The U.S. Department of Justice should drop its legal challenge to a state law that helps Hanford workers receive timely and badly needed medical benefits for on-the-job injuries.
Going even further, the Biden administration should set a new course for the Department of Energy, which manages the former plutonium factory on the banks of the Columbia River.
DOE is the client in this litigation, and the agency has a long track record of throwing up road blocks to those injured in some of the most dangerous work imaginable.
“They’re saying workers at Hanford are a commodity and expendable,” said Bertola Bugarin, whose husband, 70-year-old Abe Garza, is critically ill after several exposures to toxic vapors at work.
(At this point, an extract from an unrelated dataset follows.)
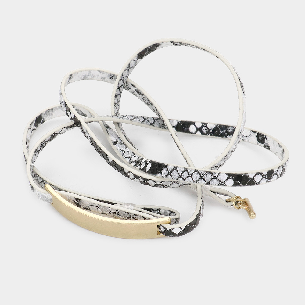Snake Pattern Faux Leather Wrap Toggle Bracelet
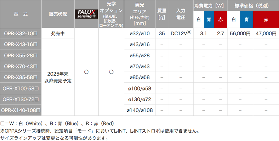および高輝度センシングリング照明「OPR-Xシリーズ」を発売

The case revolves around worker compensation claims.
In June, the state Department of Commerce published a survey of more than 1,200 Hanford workers about their possible exposure to toxic vapors.
More than 57% of all current and former workers reported coming into contact with poisonous chemicals. More than 32% of respondents indicated long-term exposure.
Treating health effects for Hanford workers is all the more complex because illnesses can take years to manifest.
As is standard procedure, injured Hanford workers first file a workers comp claim with their employer, DOE. That’s where the stonewalling begins.
A 2018 DOE Inspector General report determined the agency “does not have effective processes, procedures, and controls over the Workers’ Compensation Program at the Hanford site.”
That same year, state legislators stepped in and made it easier for Hanford workers to seek compensation for illnesses and injuries. The new law was signed by Gov. Jay Inslee in March of 2018 and took affect five months later.
In December 2018, DOJ sued Washington state, seeking to declare the state law unconstitutional. A U.S. District Court ruled in the state’s favor in 2019. DOJ appealed and lost the next year in the Ninth U.S. Circuit Court of Appeals.
On Sept. 8, DOJ filed an appeal to the U.S. Supreme Court.
At a Pasco news conference last week, a visibly angry state Attorney General Bob Ferguson, said: “The Biden administration should withdraw their appeal immediately.”
The White House should do more than that.
DOE Secretary Jennifer M. Granholm, former governor of Michigan, took over the agency earlier this year. She should recognize DOE’s terrible history of fighting medical bills and intervene to ensure cooperation with workers.
Resolving workers comp claims at Hanford and other toxic sites around the country is expensive. But it is clearly the right thing to do, and that should be the federal government’s bottom line.